*What this task involves*. Beginning with the line of the entries below that holds "Flad Slangekæde Sølvfarvet 4mm" and ending with the line that holds "The Tower PT10072P", transcribe each line exactly as written. Pictures stay out.

*Records supplied*.
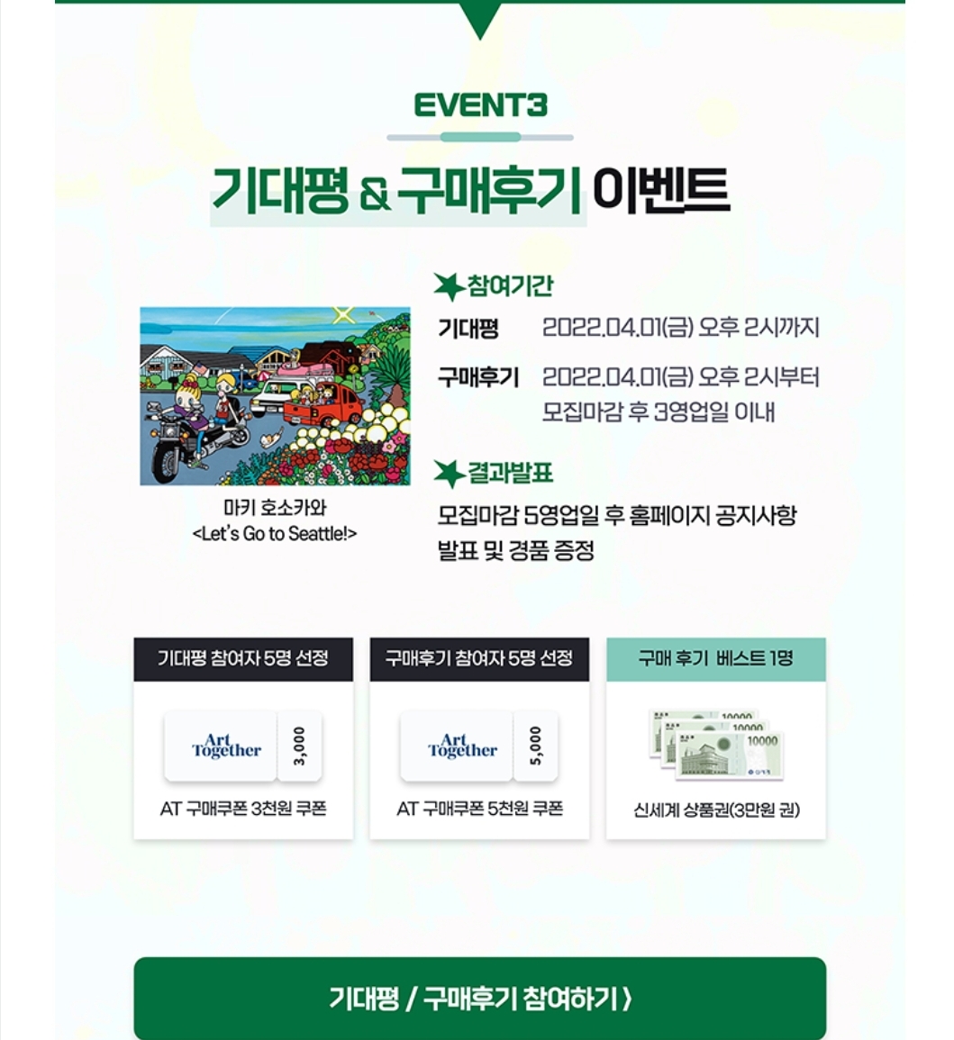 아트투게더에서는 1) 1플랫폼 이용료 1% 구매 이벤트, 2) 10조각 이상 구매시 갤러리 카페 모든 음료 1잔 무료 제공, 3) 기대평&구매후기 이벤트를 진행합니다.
* * *
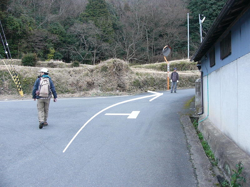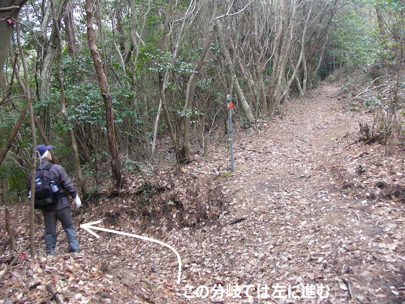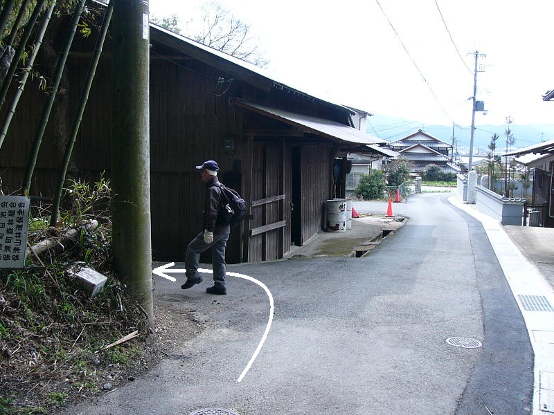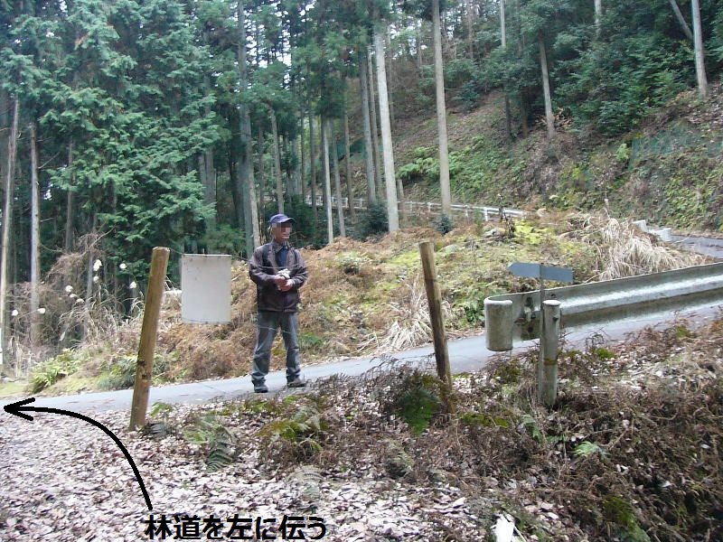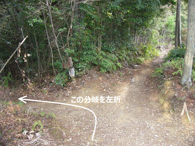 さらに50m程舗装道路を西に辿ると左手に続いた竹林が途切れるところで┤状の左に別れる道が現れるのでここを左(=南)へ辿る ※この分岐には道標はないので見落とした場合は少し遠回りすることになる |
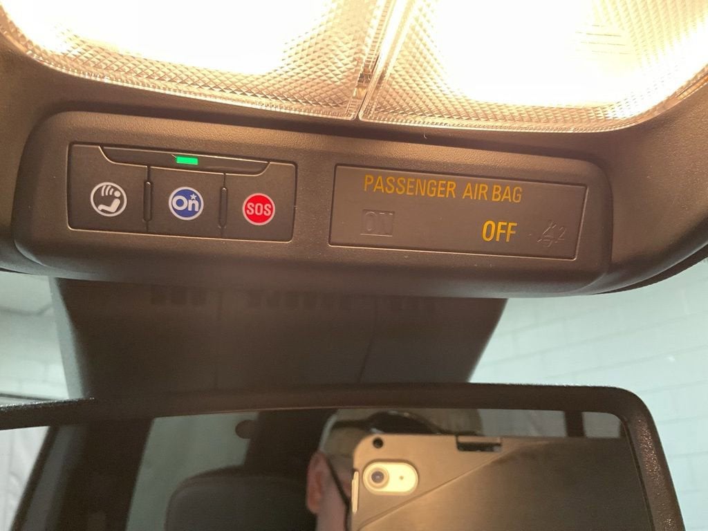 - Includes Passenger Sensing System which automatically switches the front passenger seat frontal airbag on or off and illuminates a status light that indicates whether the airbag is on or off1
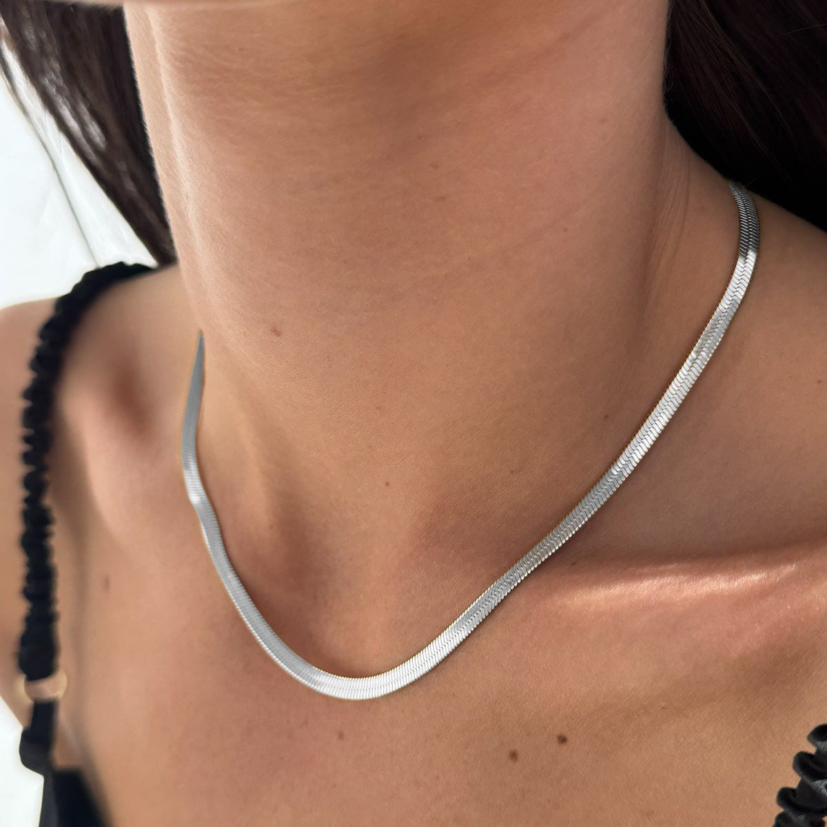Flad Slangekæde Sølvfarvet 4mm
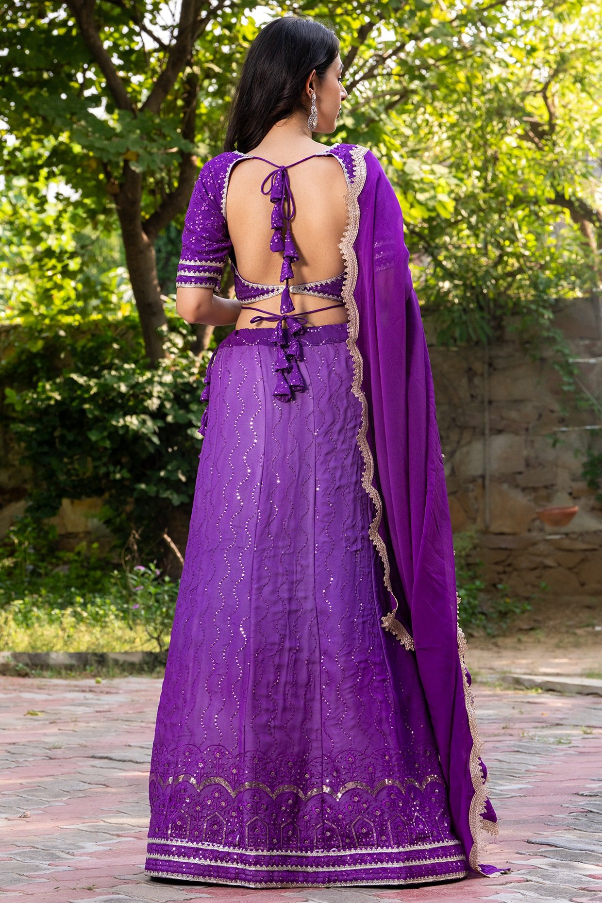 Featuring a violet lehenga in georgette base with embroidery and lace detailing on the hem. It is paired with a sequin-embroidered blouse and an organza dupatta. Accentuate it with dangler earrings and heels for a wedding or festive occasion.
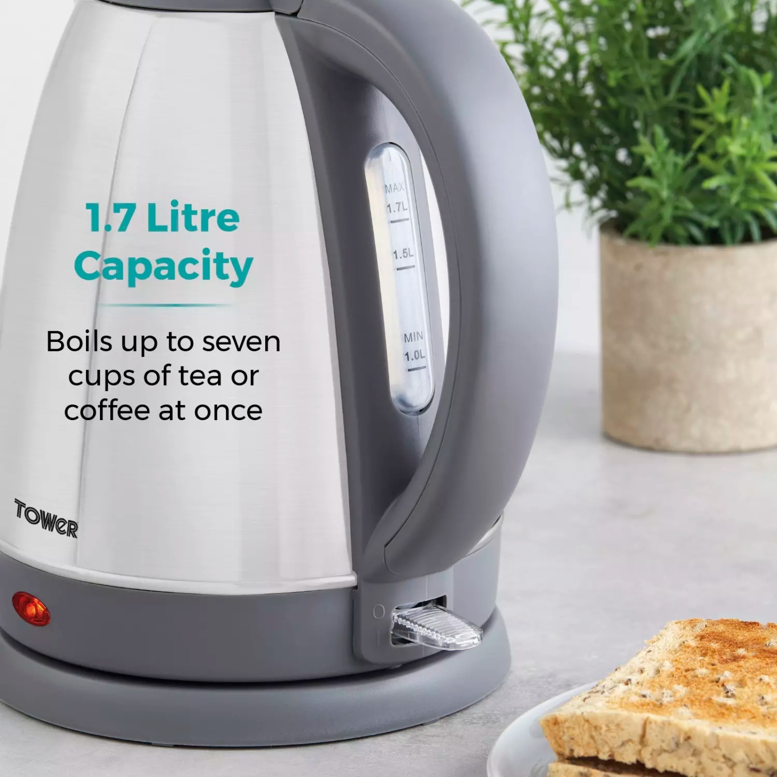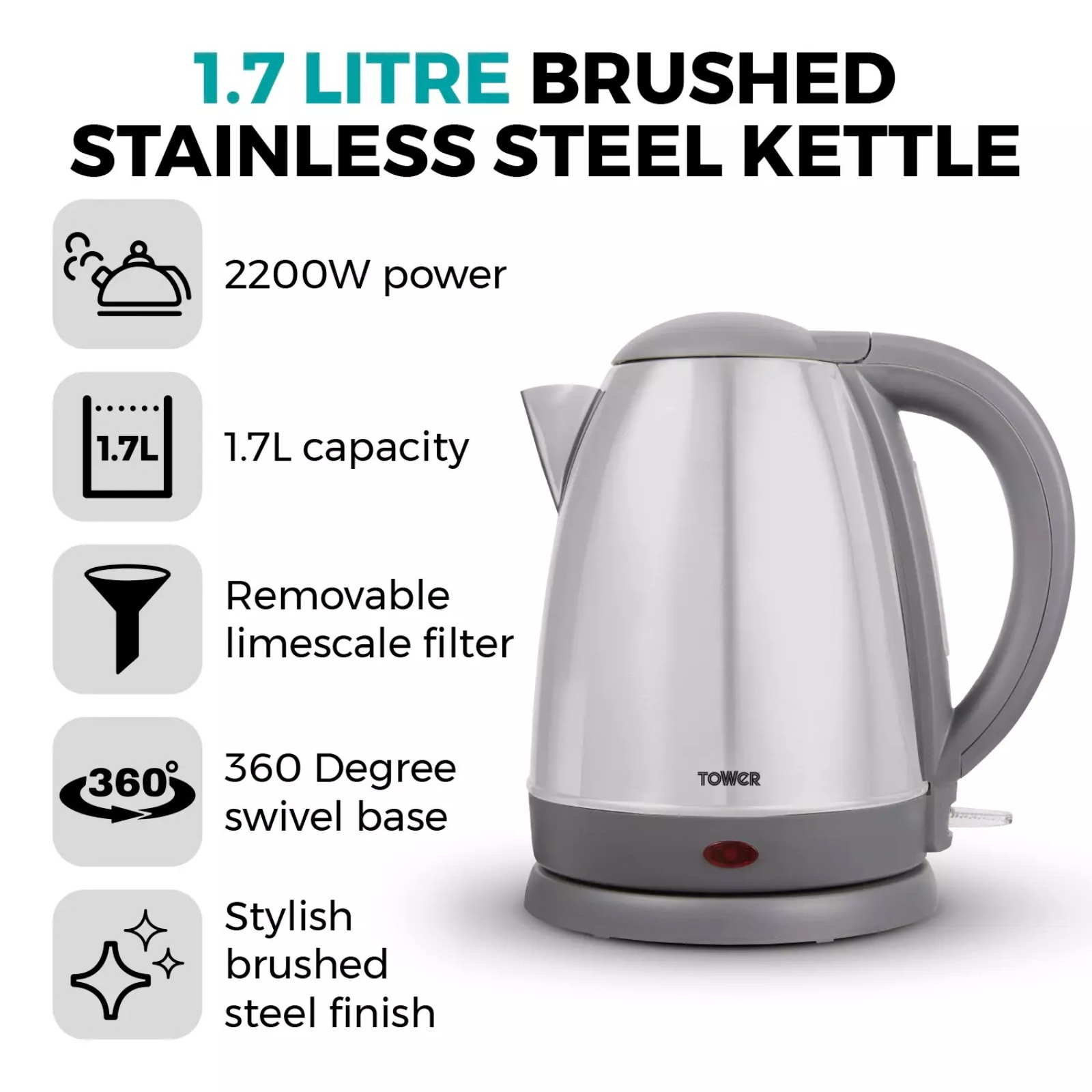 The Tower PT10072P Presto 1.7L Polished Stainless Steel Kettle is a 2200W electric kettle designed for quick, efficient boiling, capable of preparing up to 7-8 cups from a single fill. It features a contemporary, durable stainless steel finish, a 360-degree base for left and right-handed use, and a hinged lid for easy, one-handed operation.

*Response box*.
Flad Slangekæde Sølvfarvet 4mm
 Featuring a violet lehenga in georgette base with embroidery and lace detailing on the hem. It is paired with a sequin-embroidered blouse and an organza dupatta. Accentuate it with dangler earrings and heels for a wedding or festive occasion.
 The Tower PT10072P Presto 1.7L Polished Stainless Steel Kettle is a 2200W electric kettle designed for quick, efficient boiling, capable of preparing up to 7-8 cups from a single fill. It features a contemporary, durable stainless steel finish, a 360-degree base for left and right-handed use, and a hinged lid for easy, one-handed operation.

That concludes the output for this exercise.